1/17/2007 6:21:15 PM
> "the company I work for has equipment and provide their own Qos for traffic they need to go faster. My home dsl router has QoS functions for things that I need to go faster at home. "
Oops, you forgot everything between your home network and your company network. Which is, in most cases, 99.9% of the journey.
> "it is still too slow I simply call my ISP and buy more bandwith. "
No, that's not what QoS is about. It's not about more bandwidth; its about prioritizing packets...primarily to reduce latency. If you need more packets, you buy more bandwidth. If you need a steady stream of packets, with a guaranteed minimum delivery time for any single packet-- you need QoS.
> "We shouldn't let them take away control of our bandwidth "

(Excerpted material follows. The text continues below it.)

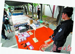 4月22日,東莞市公安局在省公安廳統(tǒng)一指揮和陜西警方的支持下,破獲“330A”特大武裝制販毒案件,抓獲潘某斌等犯罪嫌疑人15名,搗毀制毒工場1個,繳獲K粉約246千克、冰毒約8千克、麻古約33千克、制毒原料羥亞胺1025千克,查獲美式制式手槍和仿64手槍各1支、子彈31發(fā),扣押毒資人民幣250多萬元,作案車4輛。

Look, its pretty simple. They don't want to tell you what gets priority. They want to sell you the right for you to decide yourself. They want a higher-cost "fast lane" for high-priority traffic. You buy the service, you run whatever you want on it.
RE: I dont Understand...
1/18/2007 6:40:05 AM
No, they don't want a 'fast lane'. They want you to pay twice for everything, and then pay for a 'fast lane' if you are a big business.
It's sad, but that is the bottom line here.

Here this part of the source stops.